If you sign a client at $25 per hour, there’s almost ZERO chance that that client will keep increasing your rates to $100 per hour. It doesn’t matter how much of a rockstar you are, businesses can be pretty firm in the dollar amount they assign to someone. They often can’t see how you’ve leveled up in skill since starting.
If you raise your rate by more than 30%, old clients will drop off. That’s ok! Be sure to be strategic in onboarding and offboarding clients!
Eventually, it will come time to fire them. Or “let them go,” whichever phrase makes you more jazzed.
I recommend replacing lower paying clients after you have secured and onboarded a higher paying client, and you’re pretty sure the new client will work out. Don’t hand off the old client too soon! You will have a few weeks where you work longer hours, as you vet the new client!
When it comes time to hand-off the lower paying client, end the contract per the agreement in your contract (are you seeing how important a thorough contract is?). I recommend giving the client 30 days notice, and you can share the contact info of a few freelancers they can meet with.
WARNING: Don’t Work More than 10-12 Hours Per Freelance Client
A big mistake freelancers make is getting 50% or ALL of their money from one client.
Honey, that’s not freelancing. You’re basically an employee (in my opinion), without any of the protections an employee gets. If that client fires you or lets you go, you’ll be in hot water!
Aditionally, all of these strategies require that you be in a strong negotiating position. If you are working 30-40 hours per week for one client, it’s difficult to walk away. You can’t negotiate well, because they’re your main stream of income!

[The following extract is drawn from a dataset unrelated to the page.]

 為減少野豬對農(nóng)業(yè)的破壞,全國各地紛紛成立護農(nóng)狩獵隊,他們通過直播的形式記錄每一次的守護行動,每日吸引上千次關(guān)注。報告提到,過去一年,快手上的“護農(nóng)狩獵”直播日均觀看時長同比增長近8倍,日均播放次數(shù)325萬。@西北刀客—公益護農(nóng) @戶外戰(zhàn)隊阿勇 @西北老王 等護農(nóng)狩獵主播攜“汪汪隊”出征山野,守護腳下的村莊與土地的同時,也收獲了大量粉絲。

A good negotiation requires that you be able to walk away!!
For this reason, I only allocate 10-12 hours of my time to a client. If they want more than that, then they should hire an employee. Sometimes for a project, a client will need more hours, and that’s when I get a 50% (or more) deposit, along with a hefty early termination fee.

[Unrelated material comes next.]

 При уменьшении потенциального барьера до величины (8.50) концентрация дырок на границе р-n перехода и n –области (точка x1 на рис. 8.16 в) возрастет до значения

Diversify your risk! Don’t put all of your eggs in one basket.
WARNING: Vet Potential Freelance Clients
The difference between a freelancer who is dancing in money and a stressed out freelancer who is STILL waiting on invoices to be paid is usually this:
Smart freelancers vet clients. Often, I see coaching clients who are freelancers forget to do this. It is imperative that you speak to other freelancers who work for the org (past or present), and that they have good things to say.
If a client can’t put you in touch with a past freelancer because “none of them have worked out,” that’s a red flag, baby!
I also make sure to charge a deposit when working with a new longterm client on retainer, as I want to be sure their invoicing systems are all set up and ready to go.
It’s tempting to take on a new client just because they’ve popped into your inbox – but don’t do it!! An ounce of prevention is worth a pound of cure, and a terrible client can make your life MISERABLE.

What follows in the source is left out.